* PROMPT
The whole listing below should be printed again exactly, with no images.
---------- SOURCE DATA ----------
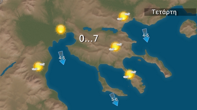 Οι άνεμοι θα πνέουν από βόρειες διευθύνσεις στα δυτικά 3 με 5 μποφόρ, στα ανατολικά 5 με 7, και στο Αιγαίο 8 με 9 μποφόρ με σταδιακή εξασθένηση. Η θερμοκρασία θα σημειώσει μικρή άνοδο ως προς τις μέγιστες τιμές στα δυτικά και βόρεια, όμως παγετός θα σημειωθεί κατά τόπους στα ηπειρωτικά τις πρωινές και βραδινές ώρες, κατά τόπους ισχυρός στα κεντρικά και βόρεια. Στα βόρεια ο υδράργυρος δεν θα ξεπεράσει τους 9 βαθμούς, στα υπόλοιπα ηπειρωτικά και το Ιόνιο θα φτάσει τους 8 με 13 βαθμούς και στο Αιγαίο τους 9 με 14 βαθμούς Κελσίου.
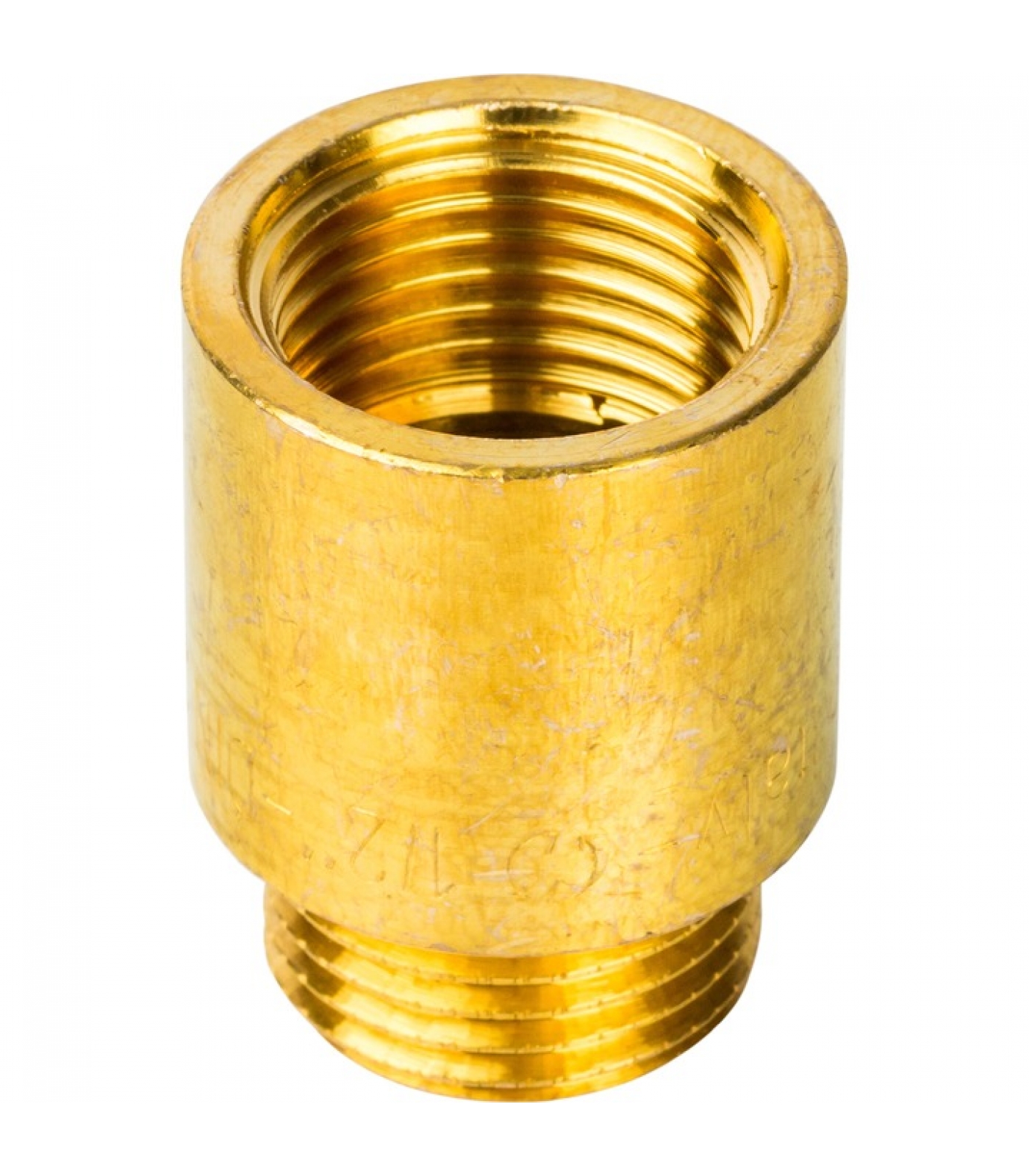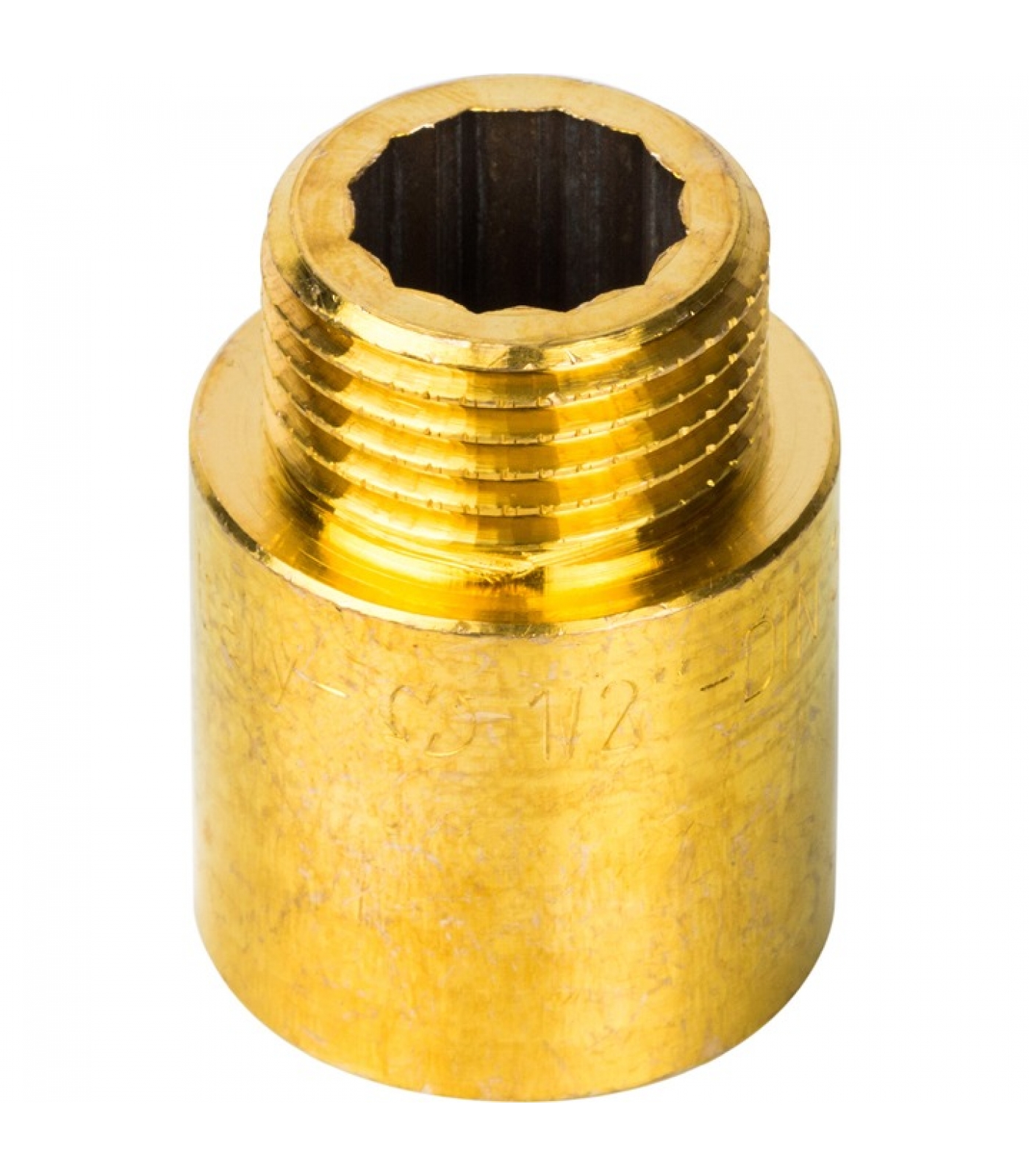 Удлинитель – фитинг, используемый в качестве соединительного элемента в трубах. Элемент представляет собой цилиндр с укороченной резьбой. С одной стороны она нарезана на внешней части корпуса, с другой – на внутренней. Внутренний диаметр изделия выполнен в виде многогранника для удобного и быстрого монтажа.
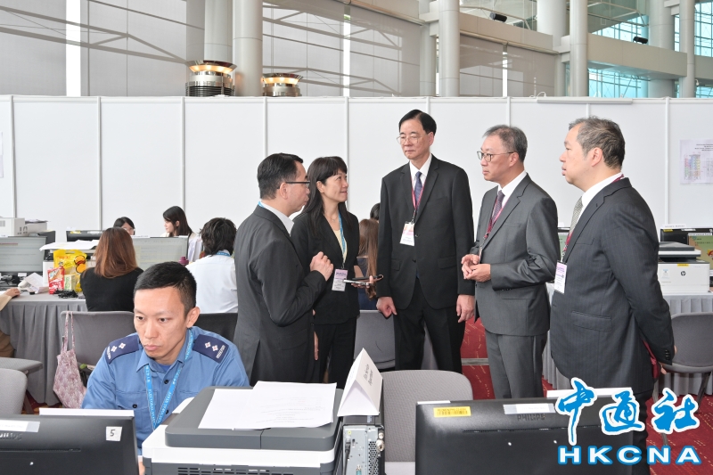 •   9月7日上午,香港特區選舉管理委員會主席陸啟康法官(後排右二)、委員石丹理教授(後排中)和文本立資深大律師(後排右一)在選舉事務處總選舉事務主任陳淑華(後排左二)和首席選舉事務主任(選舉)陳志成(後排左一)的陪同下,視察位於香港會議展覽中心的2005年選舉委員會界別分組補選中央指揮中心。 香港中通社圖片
----------
* PROBLEM SOLUTION
 Οι άνεμοι θα πνέουν από βόρειες διευθύνσεις στα δυτικά 3 με 5 μποφόρ, στα ανατολικά 5 με 7, και στο Αιγαίο 8 με 9 μποφόρ με σταδιακή εξασθένηση. Η θερμοκρασία θα σημειώσει μικρή άνοδο ως προς τις μέγιστες τιμές στα δυτικά και βόρεια, όμως παγετός θα σημειωθεί κατά τόπους στα ηπειρωτικά τις πρωινές και βραδινές ώρες, κατά τόπους ισχυρός στα κεντρικά και βόρεια. Στα βόρεια ο υδράργυρος δεν θα ξεπεράσει τους 9 βαθμούς, στα υπόλοιπα ηπειρωτικά και το Ιόνιο θα φτάσει τους 8 με 13 βαθμούς και στο Αιγαίο τους 9 με 14 βαθμούς Κελσίου.
 Удлинитель – фитинг, используемый в качестве соединительного элемента в трубах. Элемент представляет собой цилиндр с укороченной резьбой. С одной стороны она нарезана на внешней части корпуса, с другой – на внутренней. Внутренний диаметр изделия выполнен в виде многогранника для удобного и быстрого монтажа.
 •   9月7日上午,香港特區選舉管理委員會主席陸啟康法官(後排右二)、委員石丹理教授(後排中)和文本立資深大律師(後排右一)在選舉事務處總選舉事務主任陳淑華(後排左二)和首席選舉事務主任(選舉)陳志成(後排左一)的陪同下,視察位於香港會議展覽中心的2005年選舉委員會界別分組補選中央指揮中心。 香港中通社圖片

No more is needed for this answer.